Finding Your Team’s Vision

Every team needs a goal.

Small-town sports team, elite competitive mathletes, developer tiger team.

If you don’t have a vision, direction or purpose for where your team is headed – how will you know when you get there?

How will you know when you have achieved it?

How will you know it’s time to tweak, adjust and grow that vision?

If you never have anything to measure against it?

And what about everyone on your team?

How will you get them on board to what you want to accomplish when they have no concept as to what your vision is?

You don’t need a retreat in the mountains with only a knife and your wits to figure it out.

You need a group, a team, ready to define it, agree to it and commit to making it happen.

How to Stand Out when it’s All the Same

How do you stand out when everyone is doing the same thing?

When everyone is using the same hashtags?

When everyone has liked the same quotes?

When everyone is writing the same articles?

When everyone is competing for the same amount of eyeballs?

If there is so much content out there, so much to be read and compete with how can you make a difference with your small little crowd?

How do you grow the eyeballs?

Maybe it’s not about growing the eyeballs but instead about finding the quality eyeballs?

Like your customers you don’t necessarily need more quantity of them, what you need is more quality of them – those that recognize your skills and talents for what they are and not what they are compared to.

The Change you Want to See

Take a second to consider it –¬†What is the change you want to see?

Better yet, what is the change you need to see?

The change that you demand of yourself.

That you NEED to demand of yourself to see your world open up to new opportunities and avenues for growth?

Is it giving up old, unfocused activities?

Is it switching careers?

Is it abandoning the peers that tell you “you’re never going to make it”?

Is it starting to believe in yourself?

Whatever it is, it doesn’t start next month, next week or tomorrow, it starts today?

Take 10 minutes, think about the change you want to see, figure out the small step(s) you can make today and make it happen.

Wake up tomorrow and take the second step – rinse and repeat.

The Clueless Leader

Isn’t the most demotivating feeling in the world when your leader has no idea what you are doing, how you are doing it, why you are doing it and as a result why it’s taking longer than expected.

After all, aren’t they the ones that identified the work to be done and triaged it to you?

Aren’t they the ones responsible for the end deliverable?

Shouldn’t they have a little more knowledge in what they are responsible for so they can talk about it with confidence and passion to others and understand how and why you might be taking longer than expected?

Yes, Yes and Yes.

But not everyone sees it that way, not everyone “loves” what you are doing, not everyone feels the urge to learn everything and anything about the project they are not responsible for delivering.

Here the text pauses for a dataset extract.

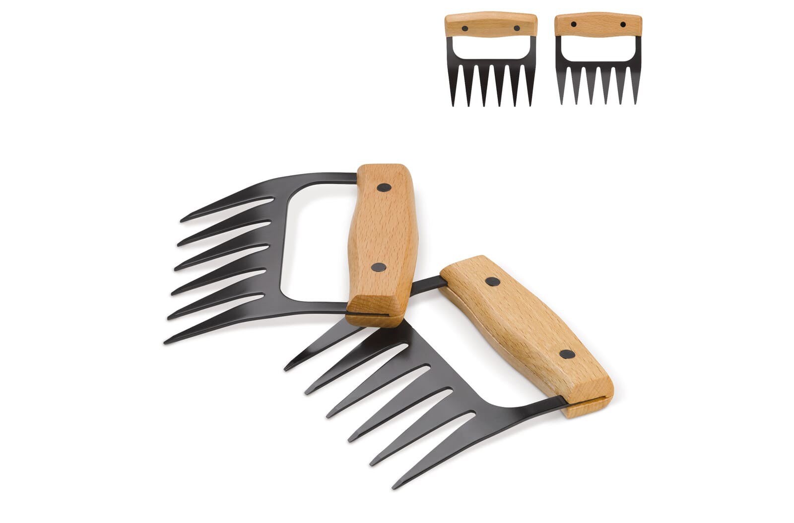 Barbecue bear claws, a great tool set for every person that loves a good barbecue. Great for large pieces of meat on the barbecue. Use these black Teflon coated tools with wooden handles to turn the meat over or pull the meat apart once cooked. Perfect to make that perfect pulled meat dish. Comes packaged in a gift box.

Some leaders simply want the project to be done, off their plate and out the door.

It’s become too hard, too complicated, difficult and complex.

Translation – It’s not easy, it’s not a quick win.

It’s an effort and a commitment that requires more then they are willing to give.

So what do you do?

You finish the project and move on, not to another project but another leader, someone who cares about what you do, why you are doing it and where you are struggling.

To stay is to invite the same circle of despair and cluelessness which is already driving you to the edge.

Now is the time to make the change.

The Angry Helper

The Angry Helper is the person who begrudgingly agrees to help you.

They bemoan the process the whole time, bitter in the fact that they have to take time out of their day to help you figure out this “simple” problem that only they can understand.

What you say and do is never enough to help, it was done wrong the first time and it will be done wrong the second and third and fourth time.

And then they leave, sure whatever it was might now work, but you can see the wake behind them as they walk away, onto the next team member to offer their assistance to, begrudgingly, complaining the entire time.

Want to be a great team member?

Help your team grow by accepting that everyone needs help and assistance at some time or another.

Realize you are not Lord of the Code.

And when someone asks for help on your worst possible day?

If you can’t help in a complimentary, sincere, helpful way… send them to someone that will.